**What to work on:**
Reproduce the records below in full and word for word, excluding pictures.

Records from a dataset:

§

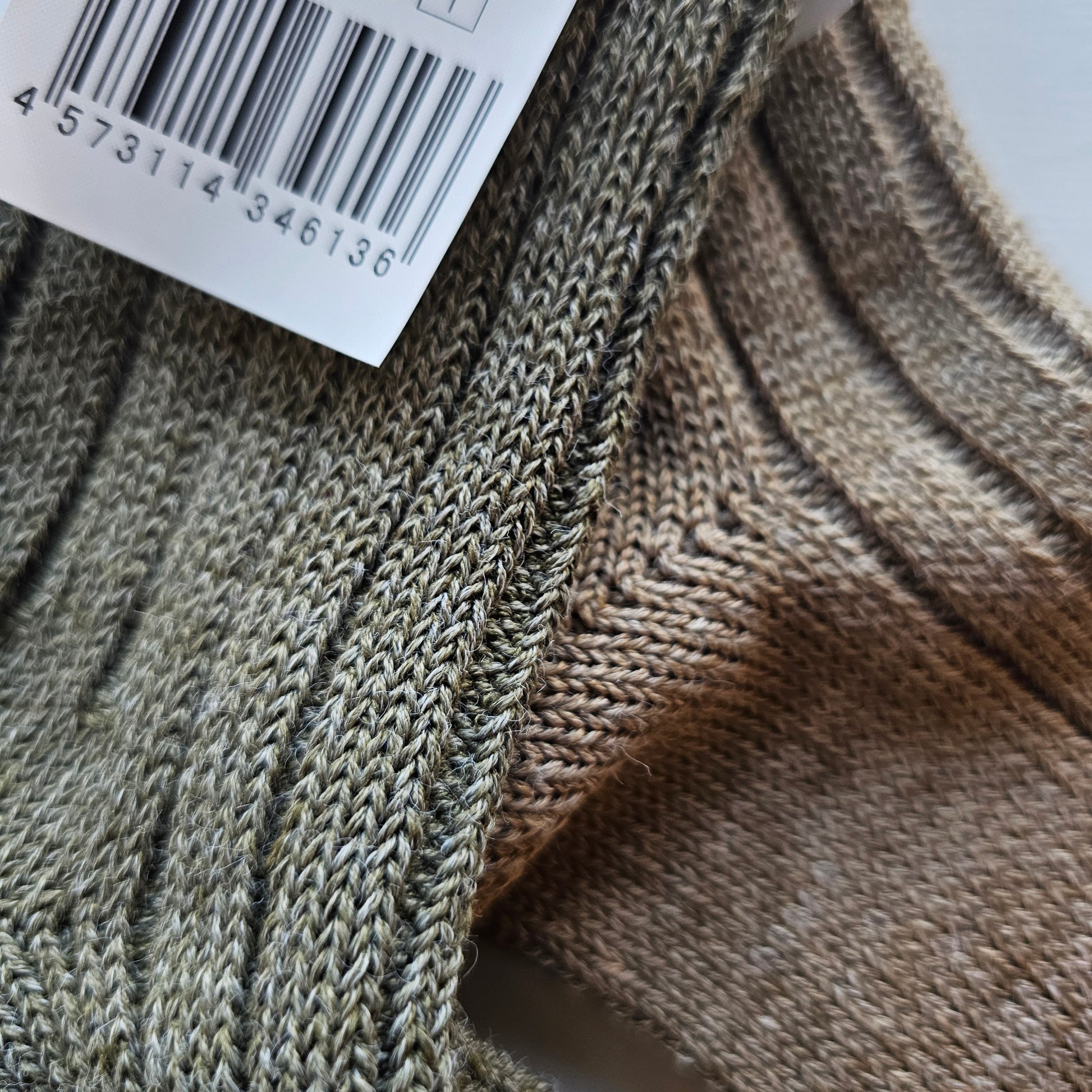 ヨーロッパのリネンに再生ポリエステルを混紡した糸で編み立てた。リサイクルという表面的な概念だけではなく、異なる素材が相互的にデメリットを補完し合っているという美しさを持った靴下。
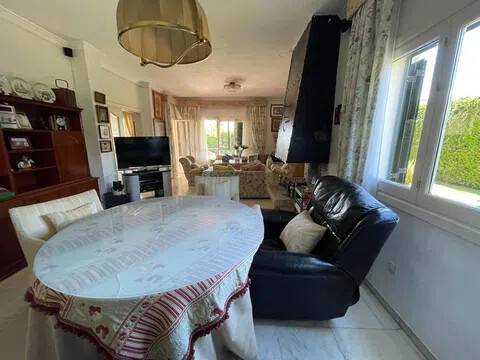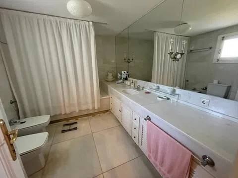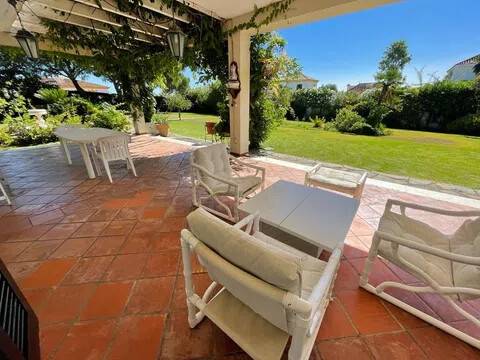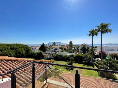 Vivienda en una situación privilegiada de la ciudad rodeada de amplios espacios verdes muy cuidados, y a su vez a muy pocos minutos del centro en coche. Nada mas entrar a la villa, nos encontramos con un imponente vestíbulo que conduce por una parte a un gran Salón con chimenea y desde otro ángulo se puede apreciar el Comedor integrado en este con una doble puerta para asi convertirlo en una estancia independiente, una Cocina-office de unos 40mts. con electrodomésticos, una despensa como lugar de almacenamiento, cerca de esta tenemos una habitación para el servicio y un baño completo, un Despacho convertible si se desea en salita y otra estancia mas dedicada a esparcimiento y muy cerca a esta una escalera por la que se accede a un sótano destinado a bodega. Y yá por otra parte, en la planta superior se ubican los Dormitorios, todos ellos en suite con baños individualizados y amplios armarios empotrados. Algunos de estos poseen amplias terrazas. En esta misma planta existe una escalera donde se llega a un Solarium observandose unas magnificas vistas de la Bahia, Gibraltar y del Mar Mediterráneo. Las calidades que se desprenden de la casa, en general, son muy buenas, describiéndose en las características que se mencionan en el inmueble. El exterior de esta propiedad lo componen un extenso porche que prácticamente rodea a toda esta, un espacioso jardín donde hay una piscina de gran capacidad y un camino que conduce al aparcamiento con capacidad para 4 o 5 coches. Proximo a la playa, supermercados (Mercadona, Lidl, Aldi), hospital, colegios, entidades bancarias, comercios, parques, rutas de senderismo, autovía… A 35 minutos de ciudades como Tarifa, Marbella, campos de golf de la zona, a una distancia un poco mayor de Ronda, pueblos blancos, y en general todas las poblaciones de Andalucia. Gastos derivados de la compra-venta y honorarios de agencia, no incluidos en el precio.
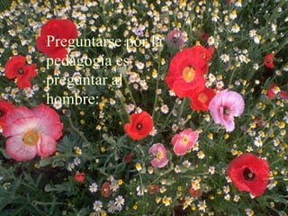Este documento discute la pedagogía y la educación como procesos de contemplar el misterio de la persona humana más que simplemente transmitir conocimiento. Argumenta que la pedagogía debe buscar comprender al ser humano de manera total e integral, incluyendo sus aspectos espirituales y misteriosos, en lugar de reducirlo a su utilidad. También enfatiza que la educación verdadera ocurre a través de la sabiduría popular, las relaciones humanas y la transmisión de libertad, más que por medio de métodos y tecnologías
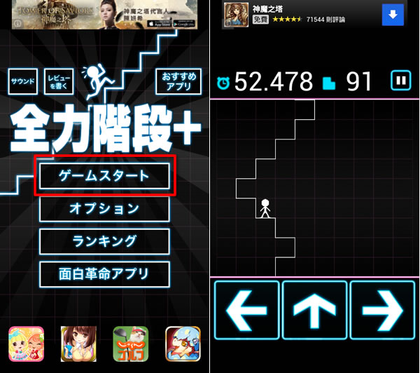 首頁移動設備學習資源 iStair+ 訓練大腦與手指反應力的遊戲(全力階段+) iStair+ 是一套 Andoid 的遊戲,遊戲的場景與規則都相當簡單,就是利用手指按畫面上的上、左、右箭頭來指揮小人爬樓梯,非常適合在有空閒的時間內來玩,且遊戲會跟全世界的玩家一起進行排名。 🔔 不錯過任何精彩! 立即訂閱我們的 LINE 官方帳號 每次發佈新文章時,您將會第一時間收到本站文章連結通知,輕鬆掌握最新資訊! 使用 LINE 追蹤文章更新 §相關文章,還可以參閱:「國中英語補救教學」國中七、八、九年級課文語音+字詞、句型與聽力練習+1200 單字[ Android ]聽憲法、行政 - 讓你用聽的就能背法條PhotoMath 透過照相機輸入數學算式,並列出解題步驟﹝Android﹞MyScript Calculator 可用手寫算式的計算機注音查詢 - 查詢字的注音符號與漢語拼音 如何使用 iStair+ ? 1.點擊黃色輸入框來輸入暱稱(會用在排名,可用中文),接下來會出現操作說明。 2.點擊第一個選項即可開始遊戲;若覺得箭頭太大想要更改,可透過第二個選項來更改箭頭的大小。 3.遊戲終了,可看見自己的紀錄或世界排名。 iStair+APP性質:免費官方網站:https://play.google.com/store/apps/details?id=net.capsuleplus.FastStairPlus
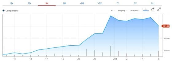 마이크로스트래티지 주가는 지난 6개월간 168% 상승했다. 그러나 이날 씨티뱅크의 투자 의견 하향 소식이 전해지면서 주가는 급락했다. 뉴욕 시간 오후 1시 18분 기준 이 회사 주가는 301.09달러로 10% 조금 넘게 떨어졌다.
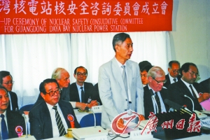 1988年8月12日,王全国同志在大亚湾核电站安全咨询委员会成立大会上致辞。
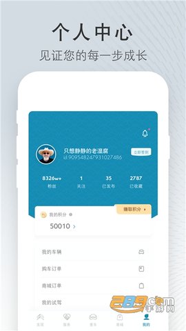 3、查看我的车辆订单和积分订单,发布记录,留言和收藏,修改个人信息设置,联系在线客服。
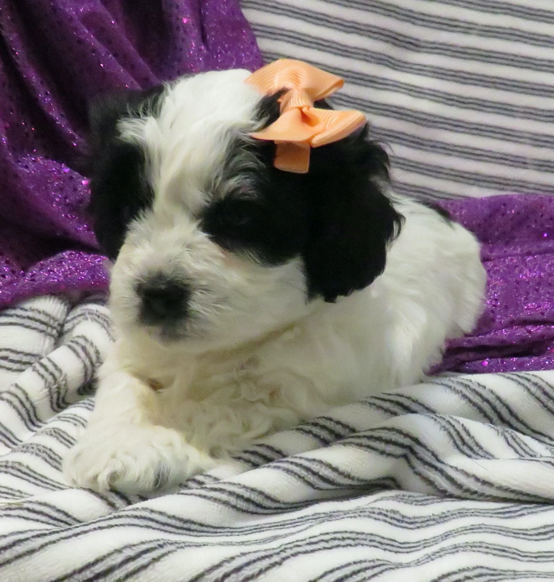 Lilly is an excellent mom. Very caring, and loves her babies. We had decided to give her a break this past spring (2025) to keep her healthy and cared for. But she had other plans we knew nothing of and became great friends with our shihpoo male, Benjie. Both parents are so fun loving & friendly. They are a mix of mini labradoodle & shihpoo. Mom is 13lbs. Dad is 12lbs.
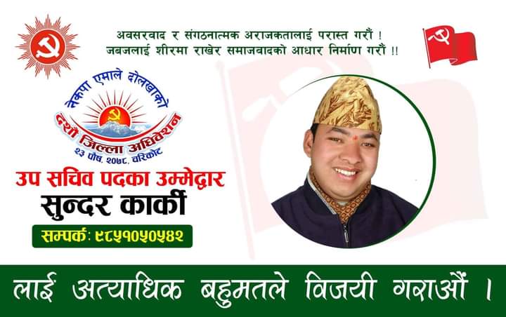 दोलखा । नेकपा एमाले दोलखाको दुई उपसचिव पदमध्ये एक पदका लागि एमालेका युवा नेता सुन्दर कार्कीले उम्मेद्वारी दिनुभएको छ ।
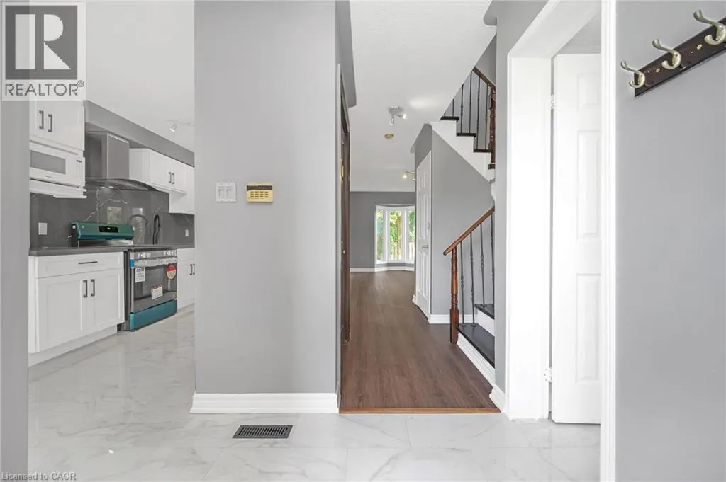 Welcome to this upgraded, move-in-ready, Bright And Renovated 3beds, 2.5 baths, End-Unit Townhouse Feels Like Detached as it is attached only by the garage; All Brick, Backing Onto Burlington's Paved Pathway. Recent upgrades include, New Fully Upgraded Kitchen With S/S Appliances, New Flooring , New Bathrooms , New Lighting. Ensuite Primary Bedroom & Two Semi Ensuite Bedroom's this unit comes with in-unit laundry & is walking distance to shops, restaurants, banks, libraries, places of worship, fitness, daycare facilities, Appleby Go-Station, QEW hwy, great schools and parks and more. 2 Parking Spots included. Backyard exclusive use for you. Basement and Garage not included. 2 Car Parking in Driveway, Backyard Exclusive Access for you. Basement and Garage Not Included. Photos are Stock Photos (id:27476)
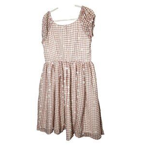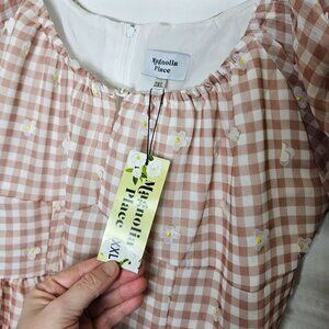 Gingham Checkered Midi Dress Flowers Magnolia Place XXL Short Puff Sleeve Zipper
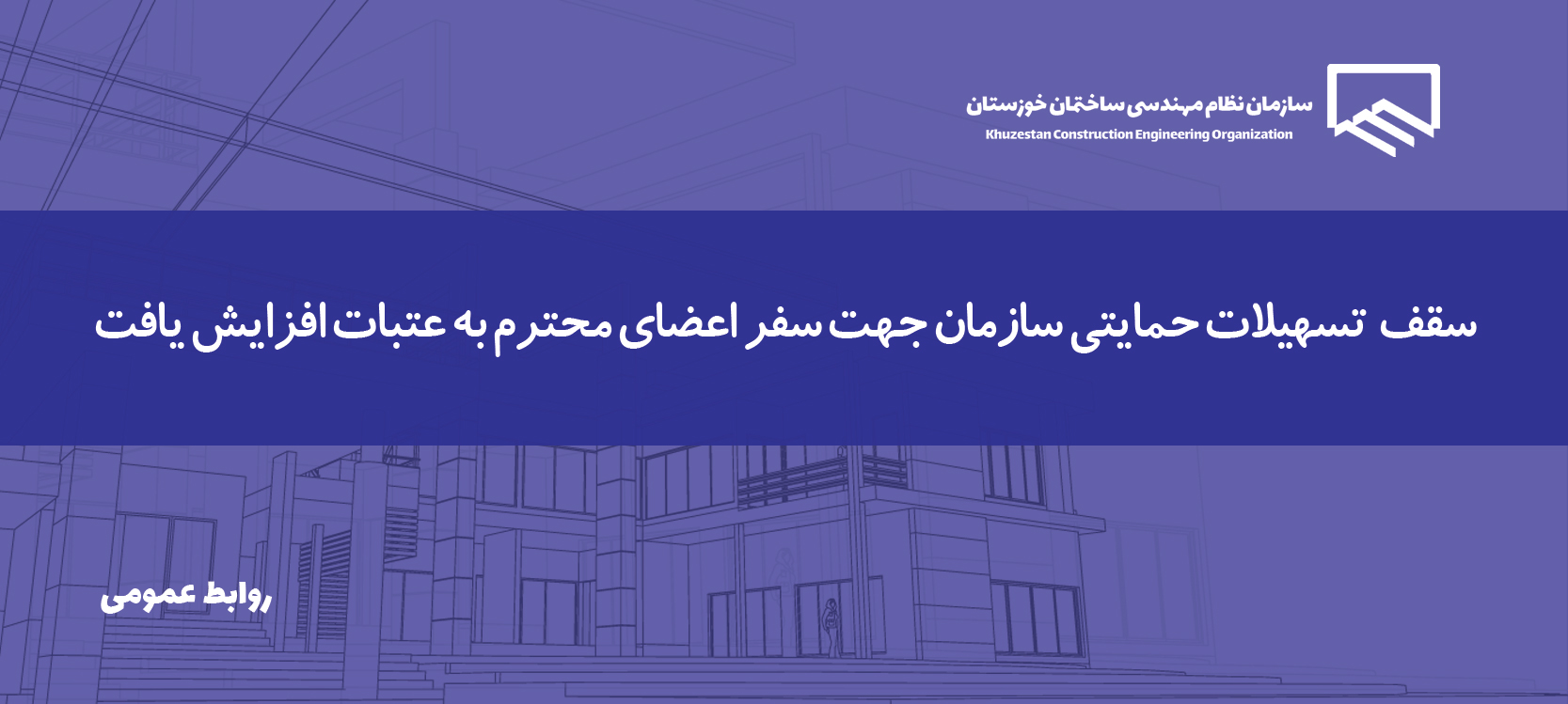 به اطلاع اعضای محترم سازمان میرساند؛ پیرو اطلاعیه قبلی در راستای اعلام حمایت از سفر معنوی زائران عتبات عالیات و تسهیل حضور هرچه بیشتر اعضا و همکاران گرامی در زیارت از نجف اشرف و کربلای معلی، سازمان تصمیم دارد سقف تسهیلات حمایتی خود از این سفر را افزایش دهد.
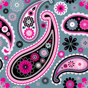 Paisley Parque Collection - Magenta, Black, White, Slate Blue Grey

§

**Result of this exercise:**
 ヨーロッパのリネンに再生ポリエステルを混紡した糸で編み立てた。リサイクルという表面的な概念だけではなく、異なる素材が相互的にデメリットを補完し合っているという美しさを持った靴下。
 Vivienda en una situación privilegiada de la ciudad rodeada de amplios espacios verdes muy cuidados, y a su vez a muy pocos minutos del centro en coche. Nada mas entrar a la villa, nos encontramos con un imponente vestíbulo que conduce por una parte a un gran Salón con chimenea y desde otro ángulo se puede apreciar el Comedor integrado en este con una doble puerta para asi convertirlo en una estancia independiente, una Cocina-office de unos 40mts. con electrodomésticos, una despensa como lugar de almacenamiento, cerca de esta tenemos una habitación para el servicio y un baño completo, un Despacho convertible si se desea en salita y otra estancia mas dedicada a esparcimiento y muy cerca a esta una escalera por la que se accede a un sótano destinado a bodega. Y yá por otra parte, en la planta superior se ubican los Dormitorios, todos ellos en suite con baños individualizados y amplios armarios empotrados. Algunos de estos poseen amplias terrazas. En esta misma planta existe una escalera donde se llega a un Solarium observandose unas magnificas vistas de la Bahia, Gibraltar y del Mar Mediterráneo. Las calidades que se desprenden de la casa, en general, son muy buenas, describiéndose en las características que se mencionan en el inmueble. El exterior de esta propiedad lo componen un extenso porche que prácticamente rodea a toda esta, un espacioso jardín donde hay una piscina de gran capacidad y un camino que conduce al aparcamiento con capacidad para 4 o 5 coches. Proximo a la playa, supermercados (Mercadona, Lidl, Aldi), hospital, colegios, entidades bancarias, comercios, parques, rutas de senderismo, autovía… A 35 minutos de ciudades como Tarifa, Marbella, campos de golf de la zona, a una distancia un poco mayor de Ronda, pueblos blancos, y en general todas las poblaciones de Andalucia. Gastos derivados de la compra-venta y honorarios de agencia, no incluidos en el precio.
Este documento discute la pedagogía y la educación como procesos de contemplar el misterio de la persona humana más que simplemente transmitir conocimiento. Argumenta que la pedagogía debe buscar comprender al ser humano de manera total e integral, incluyendo sus aspectos espirituales y misteriosos, en lugar de reducirlo a su utilidad. También enfatiza que la educación verdadera ocurre a través de la sabiduría popular, las relaciones humanas y la transmisión de libertad, más que por medio de métodos y tecnologías
 首頁移動設備學習資源 iStair+ 訓練大腦與手指反應力的遊戲(全力階段+) iStair+ 是一套 Andoid 的遊戲,遊戲的場景與規則都相當簡單,就是利用手指按畫面上的上、左、右箭頭來指揮小人爬樓梯,非常適合在有空閒的時間內來玩,且遊戲會跟全世界的玩家一起進行排名。 🔔 不錯過任何精彩! 立即訂閱我們的 LINE 官方帳號 每次發佈新文章時,您將會第一時間收到本站文章連結通知,輕鬆掌握最新資訊! 使用 LINE 追蹤文章更新 §相關文章,還可以參閱:「國中英語補救教學」國中七、八、九年級課文語音+字詞、句型與聽力練習+1200 單字[ Android ]聽憲法、行政 - 讓你用聽的就能背法條PhotoMath 透過照相機輸入數學算式,並列出解題步驟﹝Android﹞MyScript Calculator 可用手寫算式的計算機注音查詢 - 查詢字的注音符號與漢語拼音 如何使用 iStair+ ? 1.點擊黃色輸入框來輸入暱稱(會用在排名,可用中文),接下來會出現操作說明。 2.點擊第一個選項即可開始遊戲;若覺得箭頭太大想要更改,可透過第二個選項來更改箭頭的大小。 3.遊戲終了,可看見自己的紀錄或世界排名。 iStair+APP性質:免費官方網站:https://play.google.com/store/apps/details?id=net.capsuleplus.FastStairPlus
 마이크로스트래티지 주가는 지난 6개월간 168% 상승했다. 그러나 이날 씨티뱅크의 투자 의견 하향 소식이 전해지면서 주가는 급락했다. 뉴욕 시간 오후 1시 18분 기준 이 회사 주가는 301.09달러로 10% 조금 넘게 떨어졌다.
 1988年8月12日,王全国同志在大亚湾核电站安全咨询委员会成立大会上致辞。
 3、查看我的车辆订单和积分订单,发布记录,留言和收藏,修改个人信息设置,联系在线客服。
 Lilly is an excellent mom. Very caring, and loves her babies. We had decided to give her a break this past spring (2025) to keep her healthy and cared for. But she had other plans we knew nothing of and became great friends with our shihpoo male, Benjie. Both parents are so fun loving & friendly. They are a mix of mini labradoodle & shihpoo. Mom is 13lbs. Dad is 12lbs.
 दोलखा । नेकपा एमाले दोलखाको दुई उपसचिव पदमध्ये एक पदका लागि एमालेका युवा नेता सुन्दर कार्कीले उम्मेद्वारी दिनुभएको छ ।
 Welcome to this upgraded, move-in-ready, Bright And Renovated 3beds, 2.5 baths, End-Unit Townhouse Feels Like Detached as it is attached only by the garage; All Brick, Backing Onto Burlington's Paved Pathway. Recent upgrades include, New Fully Upgraded Kitchen With S/S Appliances, New Flooring , New Bathrooms , New Lighting. Ensuite Primary Bedroom & Two Semi Ensuite Bedroom's this unit comes with in-unit laundry & is walking distance to shops, restaurants, banks, libraries, places of worship, fitness, daycare facilities, Appleby Go-Station, QEW hwy, great schools and parks and more. 2 Parking Spots included. Backyard exclusive use for you. Basement and Garage not included. 2 Car Parking in Driveway, Backyard Exclusive Access for you. Basement and Garage Not Included. Photos are Stock Photos (id:27476)
 Gingham Checkered Midi Dress Flowers Magnolia Place XXL Short Puff Sleeve Zipper
 به اطلاع اعضای محترم سازمان میرساند؛ پیرو اطلاعیه قبلی در راستای اعلام حمایت از سفر معنوی زائران عتبات عالیات و تسهیل حضور هرچه بیشتر اعضا و همکاران گرامی در زیارت از نجف اشرف و کربلای معلی، سازمان تصمیم دارد سقف تسهیلات حمایتی خود از این سفر را افزایش دهد.
 Paisley Parque Collection - Magenta, Black, White, Slate Blue Grey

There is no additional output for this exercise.